Mejia is among women breaking barriers in Colombia. In this election year, there have been several female candidates for both the presidency and the vice-presidency. But there is still a long way to go.

“The field of politics is still very ‘male dominated,’ as English speakers would say. It’s still a man’s world, no? And I believe us, women, need to have a lot of perseverance and really insist on breaking those barriers,” Mejia said. “Women are also breaking barriers within the U.N. The Secretary General Antonio Guterres in January announced that 50 percent of all senior positions were held by women.”

The goal is reach parity at all levels of the U.N., and around the world. Helping him in that endeavor, is U.N. Women.
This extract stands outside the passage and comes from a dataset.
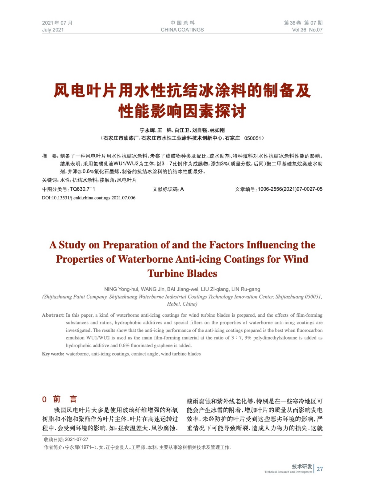 摘要:制備了一種風(fēng)電葉片用水性抗結(jié)冰涂料,考察了成膜物種類及配比、疏水助劑、特種填料對(duì)水性抗結(jié)冰涂料性能的影響。結(jié)果表明:采用氟碳乳液WU1/WU2為主體,以3︰7比例作為成膜物,添加3%(質(zhì)量分?jǐn)?shù),后同)聚二甲基硅氧烷類疏水助劑,并添加0.6%氟化石墨烯,制備的抗結(jié)冰涂料的抗結(jié)冰性能最好。

“I want to believe that the creation of U.N. Women has not only allowed U.N. Women to invite civil society, governments, the private sector to reflect on how much more the world would gain in social conditions, in peace, in human rights and in the economy too, if women had their rightful place,” U.N. Women Director Maria-Noel Vaeza said.

U.N. Women is working with governments around the world, including China.

Vaeza said China’s president Xi Jinping has played a very important role in their partnership, championing gender equality at home and abroad, under the Beijing platform for Action.

“And for us, China is a strategic ally, not only to work in China, but to work in the world world because China has very important influence in the world,” Vaeza said.

The U.N.’s push for gender equality also extends from governments into the private sector, where U.N. Women says only one in ten CEOs are women.